Initially conceived as a replacement of the now retired Mark V Special Operations Craft until that RFP was canceled in April 2010. The revised proposal specified a C-17 transportable replacement for the discontinued Naval Special Warfare rigid hull inflatable boats (RHIB), which were originally transportable on the smaller C-130 aircraft.

Designed by Michael Peters Yacht Design, the CCM evolved from Oregon Iron Works' Alligator and Sealion concepts, initially in cooperation with Israel Defense Forces. Oregon Iron Works and United States Marine, Inc were awarded initial contracts to develop their existing concepts into the CCM in September 2011, with Oregon Iron Works winning the selection process to produce a total of 35 CCMs over 7 years by United States Special Operations Command in February 2014.

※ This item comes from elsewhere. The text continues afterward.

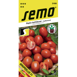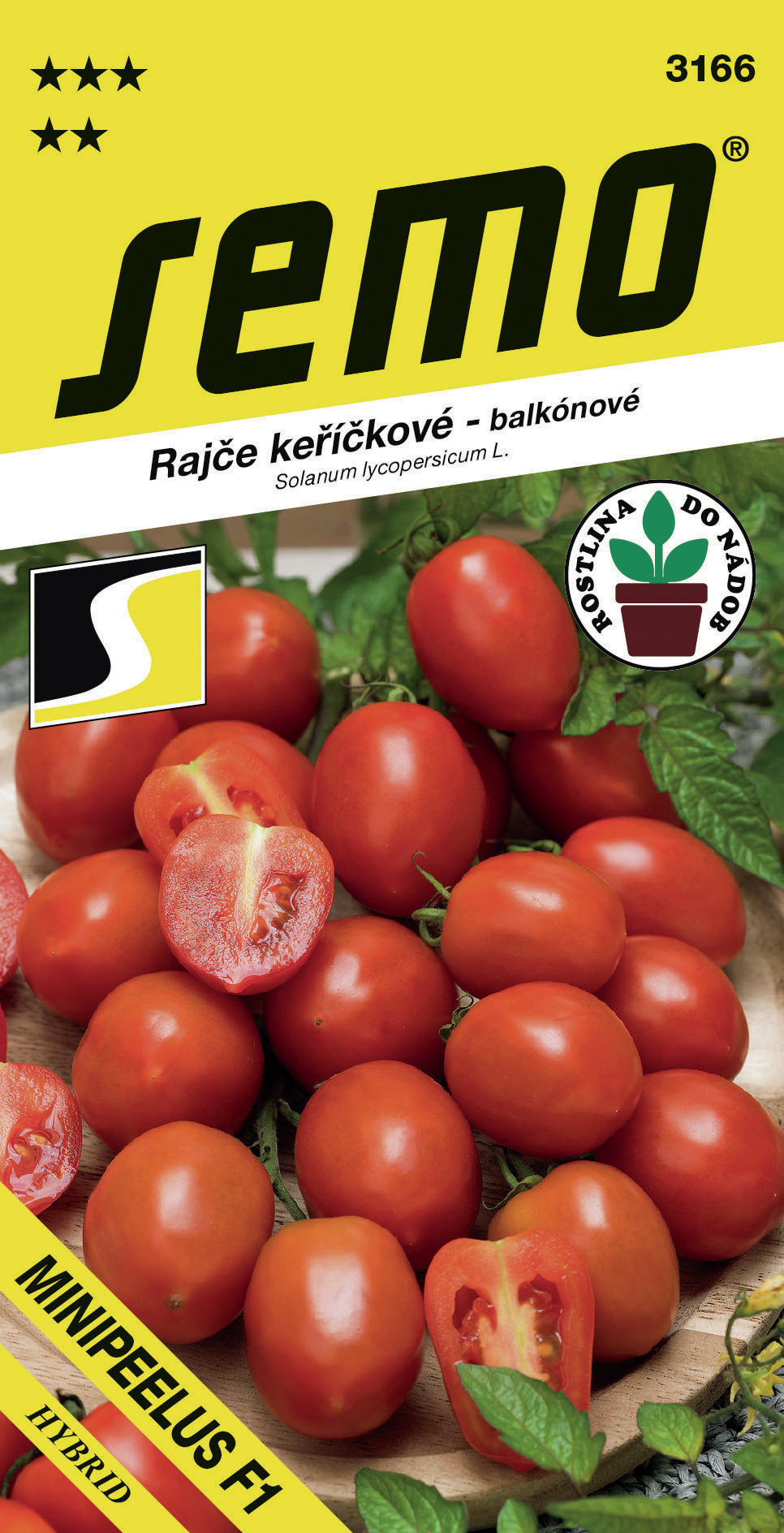MINIPEELUS F1SM (kód 3166) – kolekce do nádob – rané kompaktní keříčkové rajče s drobnými červenými oválnými plody (15–20 gramů). Vhodné i do menších nádob. Výška rostliny je 20–30 cm v závislosti na velikosti nádoby.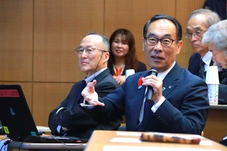 大野知事による全体講評では「既存事業と異なる切り口の提案、埼玉県のポテンシャルを高める提案は、非常に興味深く、一部は具体的な採用も検討できるものだった。埼玉県には、たくさんのコンテンツがあり、魅力のある県だと思っているが、学生の皆さんからお知恵をいただいたおかげで、ワンステップもツーステップも、その魅力を高めることができるという可能性を改めて感じることができた。2040年、2050年にも「住んでよかった」「働いてよかった」と思える持続可能な埼玉県を目指したい」と熱く語られるとともに、発表した学生および指導教員への感謝が述べられました。大野知事と学生との記念撮影も行われ、盛会のうちに終了しました。

In May 2014, Oregon Iron Works announced its merger with fellow Oregon shipbuilder Vigor Industrial in order to facilitate the $400 million contract, as well as subcontracting marine electronics systems to Leidos.

The first CCMs were delivered and commissioned in 2015, featuring a low observable profile, with longer range, operable in higher sea states, and with increased protection and shock mitigation for its crew and passengers than the NSW RHIBs it replaces. Its electronics package includes a remote weapon station and sensors, Blue Force Tracker, a DAGR jam-resistant GPS receiver, and advanced tactical radios. Each hull is individually numbered, though not named; the vessels are operated by SWCC Boat Teams.

In May 2023, it was announced that Norway's Naval Special Operations Command gained approval from the Pentagon to acquire 2 CCMs to be delivered in 2025.